Go to the Farmer’s Market
Because my priorities are out of whack, I just went to my first farmer’s market of the year, in preparation for my week-long dog-sitting gig in someone else’s house. I skirted around 50-person lines for the year’s peak berry stands, and bought some fresh eggs, locally sourced bacon, shishito peppers, a giant head of lettuce, fresh tomatoes, snap peas, a huge zucchini, a huge cucumber, and newly available rainier cherries. My week is set for snacking, salads, and after grabbing a brick of sharp cheddar and a stack of tortillas, set for wraps and quesadillas of many veggie variations. Eating can be so simple sometimes, and I think I’m at my best and favorite place when it is. All of the market items were priced the same, or cheaper, than grocery store prices, and are way more satisfying.

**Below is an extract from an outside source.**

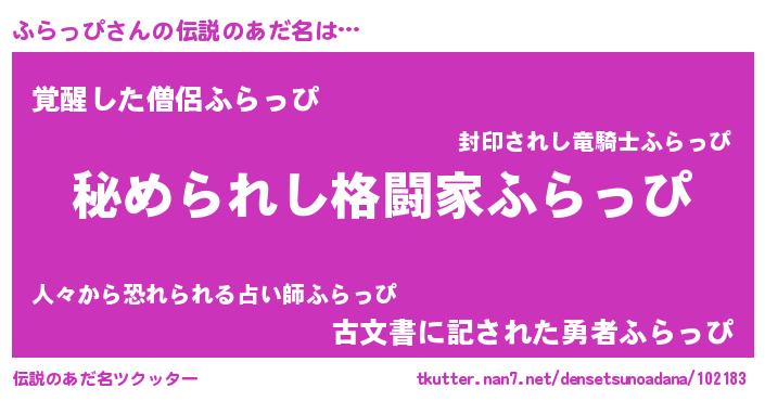 | 男性向けラノベタイトル風あだ名 | 『緋弾のフラッピ』 |

Someday, I won’t forget that fact every week.
Buy Old Books
I am fortunate enough to be working with a small team at my job, and they are big book readers. One of them let me in on a great bookstore find in Eugene, OR, where I was heading for the weekend: Tsunami Books, a wonderful new and used bookstore in a building with a quirky layout — the best kind of bookstore. Inside I found so many cool and fun and bizarre things, and I also found my personal haven: a giant wall of “good and cheap reads”, filled with pocket-sized(1) trade paperback fiction novels. I snagged two great 1970’s prints of “important American novels” that I have not yet read, and I also found a two-book paperback collection of Maxine Hong Kingston’s The Woman Warrior and China Men, two books I have been looking for nice used copies of for almost two years now. It was one of my peak bookstore moments (so far).
Thank you, as always, for reading. I hope this week, and last, brought something new to you. If it didn’t, you might have to go looking for it; the universe won’t always do it for you. This next week, I’m writing about Boys Who Ride Bikes, watching a LOT of content while house-sitting, and will be having a wonderfully slow and unplanned Fourth of July weekend. I am blessed. I hope you are too.
TTFN,
b
(1) If you wear men’s Patagonia Baggies, almost every book becomes “pocket-sized”.